Elvis Andrus, at 34 years old, is in his 15th Major League season. After an abysmal start this year, thoughts about him hanging his cleats up may begin to circle. Andrus is slashing .201/.280/.254, while tacking on one homerun and 13 RBI. According to Baseball Savant, Andrus has produced his lowest expected batting average, SLG, OBP, and wOBA of his career. Along with that, his K% sits at 17.2, another career low. A very disappointing season so far for Andrus. If it weren’t for injuries, Andrus very well may have been DFA’d already. With that being said, he still offers some positive attributes that don’t show up in the stat sheet.
Elvis Andrus’s Last Hurrah
Andrus is one of the older players on the Chicago White Sox, providing a leadership role on a fairly young ball club. He has a value that doesn’t appear on the stat sheet. Advice on getting out of a 14-28 hole will help cover up for his mishaps this season. Andrus and Yasmani Grandal are the only starting position players who are at least 30 years old. Especially for a team that has been forced to play several young guys, Andrus’ leadership and experience have been very important this year.
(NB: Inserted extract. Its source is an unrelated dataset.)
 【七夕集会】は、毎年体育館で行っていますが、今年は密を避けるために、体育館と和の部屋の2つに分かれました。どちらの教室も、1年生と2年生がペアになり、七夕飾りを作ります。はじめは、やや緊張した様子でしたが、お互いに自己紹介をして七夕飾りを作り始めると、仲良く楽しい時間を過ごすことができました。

Many young players don’t have a schedule or routine, and not having one could lead to underwhelming play. A player like Andrus can help the young guys on the White Sox get into a routine or a pattern. This can help relieve stress and anxiety before games, which should improve the quality of play for young players. Andrus also shares his baseball knowledge with young players on the White Sox, helping them get a step ahead in avoiding mistakes to become better baseball players quicker.
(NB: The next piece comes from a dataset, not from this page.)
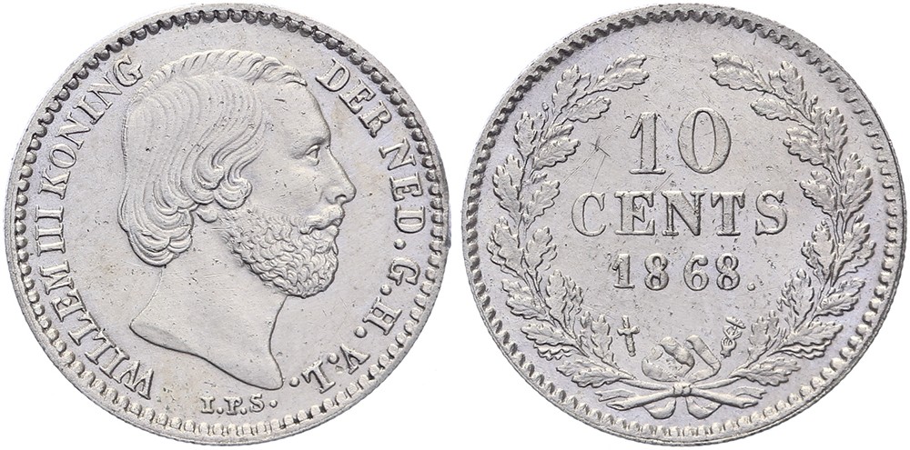 10 Cents 1868 mmt. zwaard Sch. 648 Vrijwel prachtig

The injury bug has yet again struck the White Sox. Eloy Jimenez, Billy Hamilton, Tim Anderson, Jake Burger, Liam Hendriks, Matt Foster, Garrett Crochet, Yoan Moncada, and Joe Kelly have all missed time this season. Andrus has been one of the few constants, ensuring himself playing time. However, even Andrus himself recently went on the 10-day IL for an oblique strain. It’s still early, but if the White Sox can’t get healthy and round into form by the All-Star break, it may be too late.
Long Road Ahead
The Southsiders must produce a comeback season to avoid another year of wasted talent. 4th place in an average division is not going to be acceptable for first-year manager Pedro Grifol. Tony La Russa may have been a problem, but he was just a small part to blame. Grifol needs to begin walking his talk, or else he may end up just like La Russa.
Elvis Andrus expected to win with the White Sox, and another disappointing season might be the last straw. A resurgence must be ignited now, with the possibility of major off-season changes looming. Even if the White Sox make some type of a comeback, fans may very well see a White Sox team next year that doesn’t include Elvis Andrus.